The phenomenon is called the Mandela effect and was named in 2010 when a group of people believed that the Nobel Prize winner had died in the 1980s.
Brands are also victims of “gap filling” in phrases, design or even name; This is how Martha Higareda explained it.
Through the official TikTok account “De todo mucho”, a podcast made by Martha Higareda and Yordi Rosado, content was shared in whichhe film actress explained the Mandela effect in brands: Monopoly and Pikachu, the main ones.
Can you imagine trusting a memory or historical fact and that the collective endorses it, but in reality it turns out to be false? The phenomenon of collusion shared by several people was dubbed the Mandela effect by pseudoscientist Fiona Broome when she realized at the 2010 Dragon Con Convention that attendees remembered the death of the South African Nobel Peace Prize winner in the 1980s, when in reality Mandela died in 2013.
Another historical fact that is falsely remembered is the canonization of Teresa of Calcutta in 1990 when in fact this happened in 2016.
The pseudoscientific explanation is that memories can be modified and when there are references to a different memory, they can be shaped if there are confirmation biases.
Some explanations of a psychological nature go towards social validation, that is, it is believed when other people believe it; confirmation biasby prioritizing information that confirms beliefs; cryptomnesia, the brain places data in memory locations with actual content; false attribution which refers to believing something that turned out to be false, but previously it was stored as true and collusion when an attempt is made to remember something and since the information does not exist, the response is falsified to fill the gap.

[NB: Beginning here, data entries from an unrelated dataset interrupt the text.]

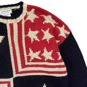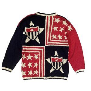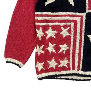 Vintage Jaeger Hand Knit Silk Blend Oversized Stars Stripes Flag Sweater Medium
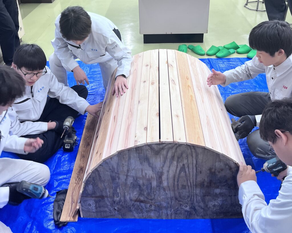 生徒は10名 あらかじめ準備しておいた窯の木枠を完成させました。
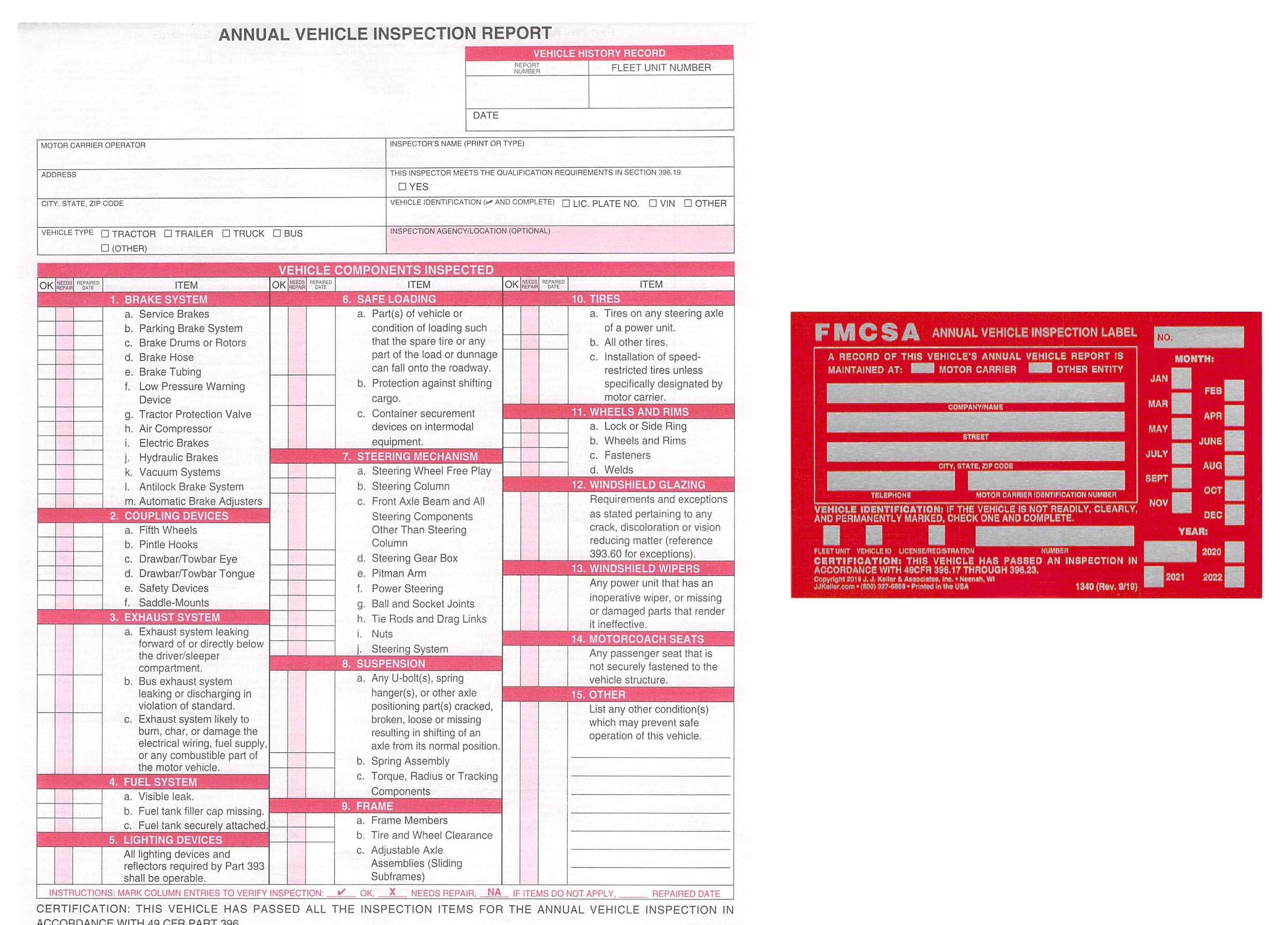 Annual Vehicle Inspection Report Form 10-pk. (Snap-Out Format, 3-Ply Carbonless, 8.5" x 11.75") + Label with Punch Boxes 10-pk. (Aluminum, Permanent ...

Martha Higareda explains the Mandela phenomenon in brands
The Mandela effect is not only present in historical events, but the design of brands is also a victim of the filling of the memory void.

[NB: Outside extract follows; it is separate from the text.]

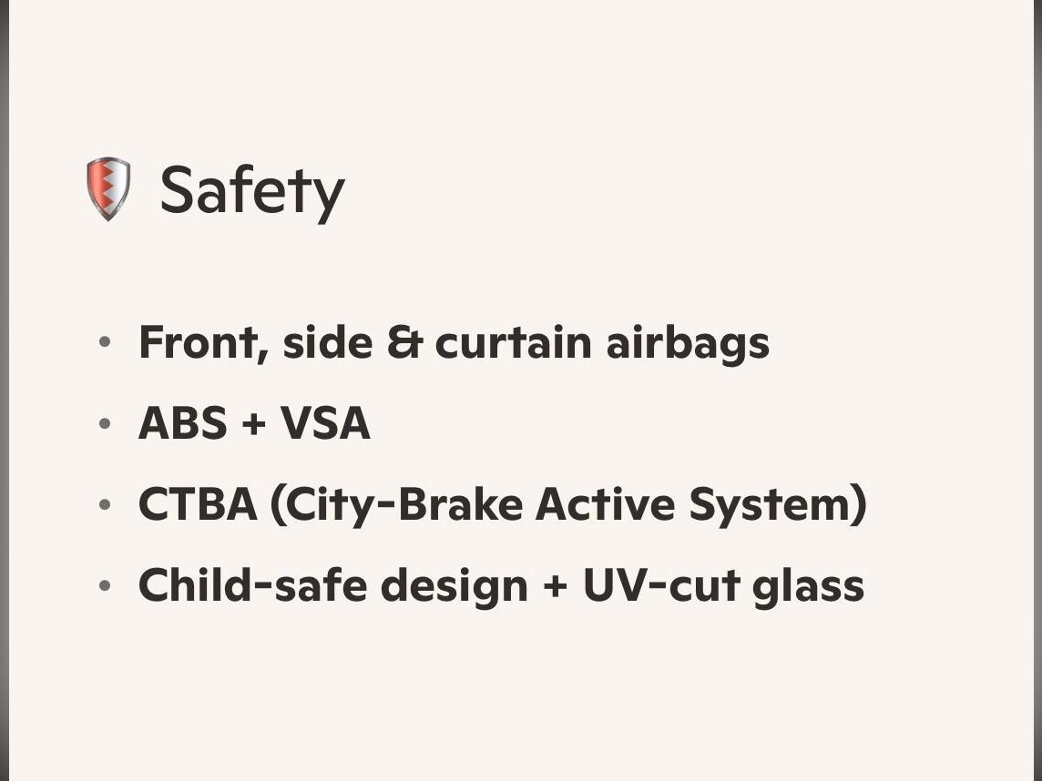 Safety features include front, side and curtain airbags, ABS, traction control, CTBA City?Brake Active System and stability assist.

In it podcastMartha Higareda told Yordi Rosado that one of her cousins was the one who caused curiosity on the subject:
“He told me: —how do you remember the achievement of Monopoly?— and I: —Ah, well, a man with a mustache, a hat and a monocle—. Well no! He has never had a monocle ”, assured Higareda in the conversation with the television host.
He also gave Pikachu an example, since many people remember him with a yellow tail and a black horn at the end; however, the creature from the Pokémon franchise does not have a black tail.
“My cousin told me that this is called the Mandela effect,” said the Mexican film actress.
@detodounmuchotiktok Has it happened to them? 😨 Let’s talk about #mandela effect #detodounmucho #marthahigareda #yordirosado ♬ original sound – detodounmuchotiktok
These are some of the main examples that the group remembers, others are the following: Snow White’s queen never says “mirror, mirror in front of the mirror”, but instead makes an invocation with thunder to call the “mirror slave” so that come out of the dark; Disney’s main character is remembered with braces when he doesn’t actually have them; The Simpsons do not have an “s” at the end, although in the pronunciation the collective identifies it in this way; the logo of the Looney Tunes series is spelled correctly like this and not “Toons”; there is no hyphen that separates the Coca Cola design, only a period.
In design, names, brands, historical facts and cinema, the possibilities of an inserted collective memory are infinite and curious when reality is discovered.